According to the 2018 Global Cancer Statistics (Bray et al., 2018), colorectal cancer (CRC) constitutes approximately 10 % of all incident cancer cases and mortality worldwide. Globally, colorectal cancer ranks as the second-leading cancer in women and the third-leading in men (Dekker et al., 2019). At initial diagnosis, approximately 20 % of patients with colorectal cancer present stage IV disease, characterized by distant metastasis (Ni et al., 2023). Tumor dormancy represents a critical phase in metastatic progression, during which disseminated cancer cells remain quiescent within distant organs without the formation of clinically detectable tumors. Although a consensus definition remains elusive, tumor dormancy is widely regarded as a dynamic equilibrium between tumor cell proliferation and apoptosis, maintaining a balance where cellular expansion is offset by cell death (Endo and Inoue, 2019, Hedley and Chambers, 2009, Omokehinde and Johnson, 2021).
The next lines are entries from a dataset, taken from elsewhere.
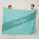 Diese niedliche Fußball-Fleecedecke für Mädchen enthält den Text "Das Fußballfeld ist mein Happy Place" in einem lässigen handgeschriebenen Schriftart, mit , schräg gemusterten Herzformen auf einem aquamarinen Hintergrund - personalisieren Sie ihren Namen auf einem grobkörnigen aquamarinen Farbstreifen mit voller Breite - Hintergrund, Farbstreifen und personalisierte Textfarbe können in JEDE Farbe geändert werden - wählen Sie eine Hintergrundfarbe, die mit dem weißen Textmuster kontrastiert Katz_d_zynes
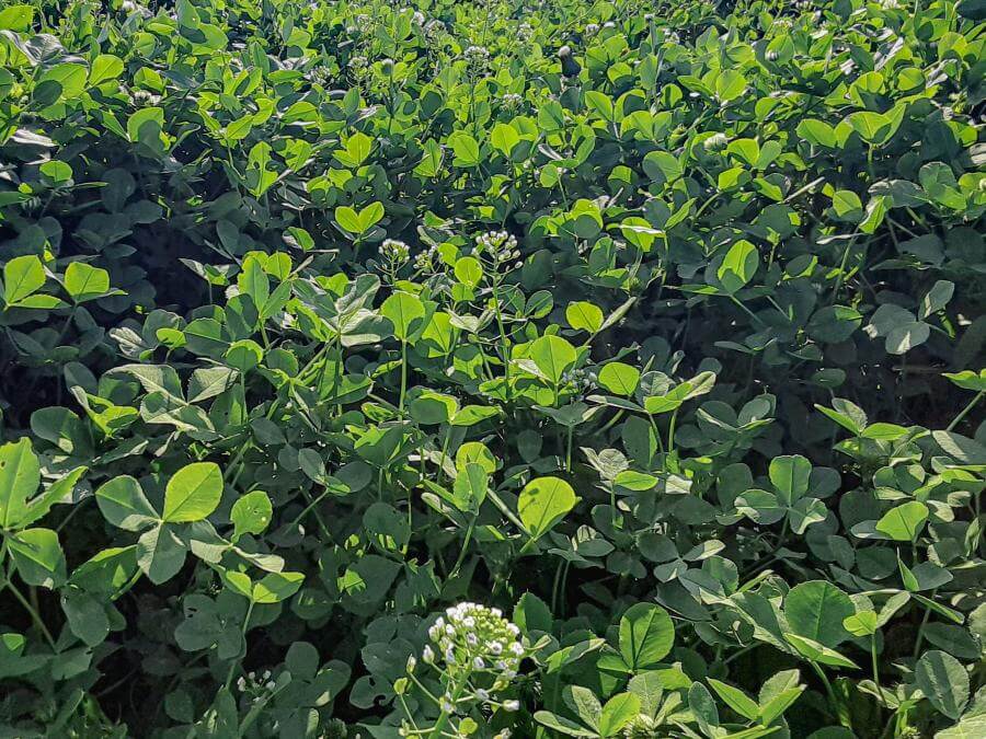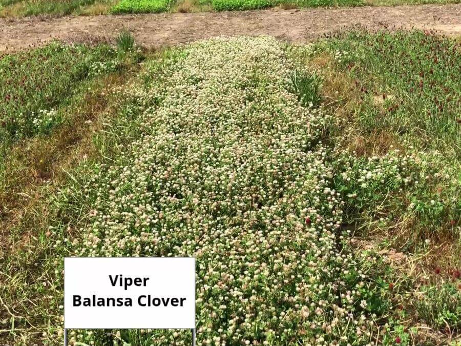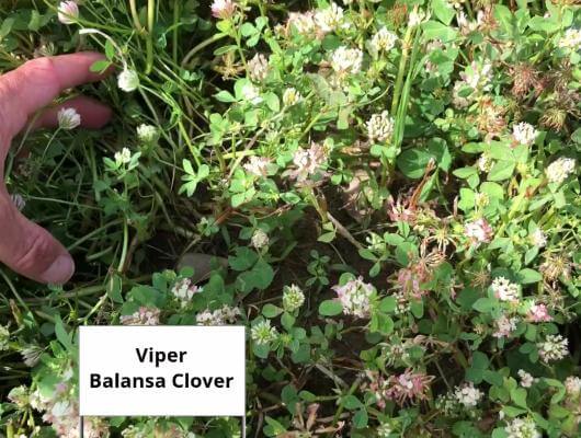 Viper is quick to germinate, with better vigor/earlier growth than some other balansa varieties. Initially, Viper forms a small, multi-branched rosette emerging from a single, deep taproot. Under a grazing regime, Viper will remain prostrate. However, allowed to grow, Viper’s stems will eventually turn upright, forming a multi-branched hollow stem with copious amounts of plant mass up to three feet high.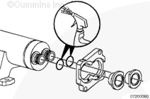 Install two new o-rings on the oil cooler water inlet and outlet transfer tubes.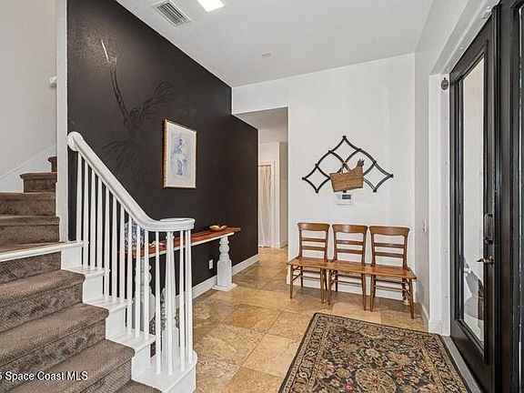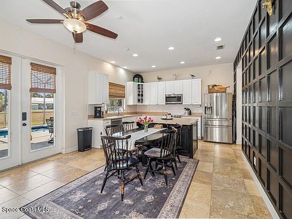 This well-appointed home sits on 0.63 acre, 2,474 square feet of living space and river views. The property features a tranquil in-ground screened saltwater pool, soothing spa & waterfall, and Baja shelf. Lanai provides ample space for relaxation and outdoor entertaining. The kitchen is equipped with stainless steel appliances, center island, and built-in storage and feature wall. Kitchen views pool with peek-a-boo river views, complementing the farmhouse-inspired style throughout the home. Off the kitchen the office has transom windows, sliding barndoors, and French doors to the pool and private side entrance. The office could be a fourth bedroom or formal dining room. The primary bedroom boasts river views, an en-suite bathroom with a soaking tub and a walk-in rain shower, as well as a sitting area, providing a private oasis. Two additional bedrooms and a full bathroom complete the interior. The home also has a butler pantry and laundry room seamlessly blending a timeless style.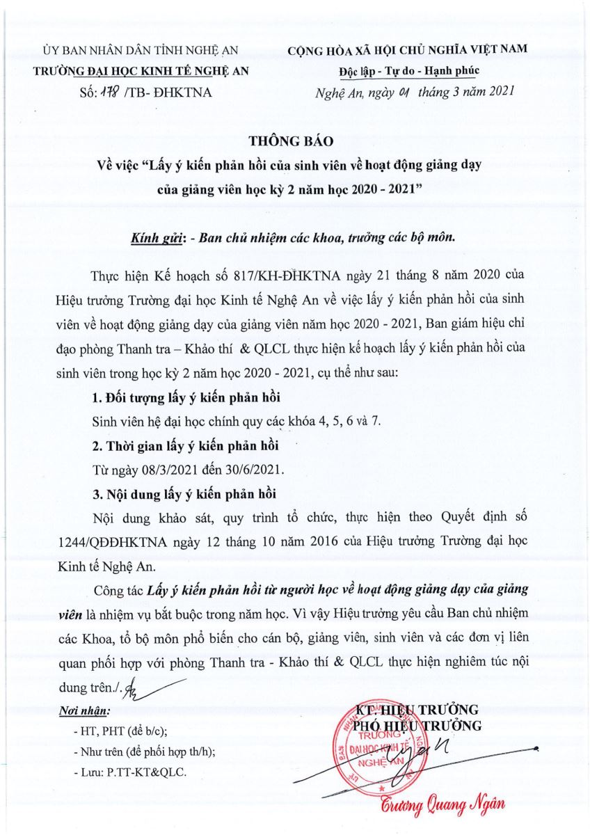 Thông báo v/v lấy ý kiến khảo sát hoạt động giảng dạy của giảng viên kỳ 2, năm học 2020 - 2021 02/03/2021 05:13 7779 lượt xem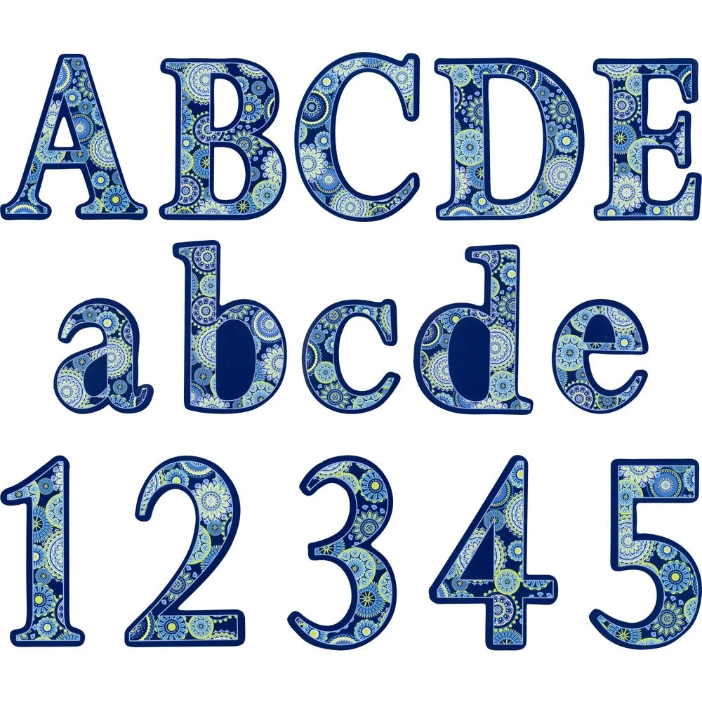Your classroom decor will be both stylish and harmonious with these accent pieces. The set includes capital and lowercase letters and numbers in a tranquil mandala pattern that coordinates beautifully with other Blue Harmony items.

Recent advances in CRC research have driven treatment strategies toward multi-target and multidimensional therapeutic paradigms(Niu et al., 2022). At the molecular level, dysregulation of miR-494 and SPHK1 downregulation modulate tumor dormancy through metabolic reprogramming, whereas the SHP-2/Ang-Tie2 pathway and EVA1B-mediated recruitment of MDSCs collectively foster an immunosuppressive tumor microenvironment (Jia et al., 2024, Wu et al., 2023, Wu et al., 2020, Xia et al., 2024). Current therapeutic approaches are expanding to include miRNA targeting, metabolic enzyme inhibition, immune microenvironment modulation, and anti-angiogenic agents in combination regimens (Cao et al., 2025, Jia et al., 2024, Li and Qiao, 2022, Liu et al., 2024, Wu et al., 2023, Wu et al., 2020, Xia et al., 2024). Notably, the integration of mindfulness therapy underscores the growing recognition of biopsychosocial models in oncology (Feng et al., 2024). Collectively, these discoveries establish a framework for precision medicine grounded in multidimensional manipulation of the tumor microenvironment.

Consequently, elucidating the molecular mechanisms underlying dormancy maintenance and reactivation of tumor cells in CRC is critical for developing targeted effective treatment strategies (Gomatou et al., 2021). This review systematically examines: (1) the biological hallmarks of metastatic tumor dormancy in CRC, encompassing distinctive molecular markers and functional phenotypes of dormant tumor cells; (2) key regulatory mechanisms of tumor dormancy, focusing on cell cycle control proteins, critical signaling pathways, cytokine networks, and extracellular matrix remodeling in the tumor microenvironment; (3) emerging therapeutic strategies targeting these mechanisms, with particular emphasis on molecular-targeted agents, immunomodulatory approaches and rational combination therapies. Collectively, this synthesis aims to advance therapeutic paradigms for colorectal cancer by translating mechanistic insights into clinically actionable strategies to improve patient outcomes.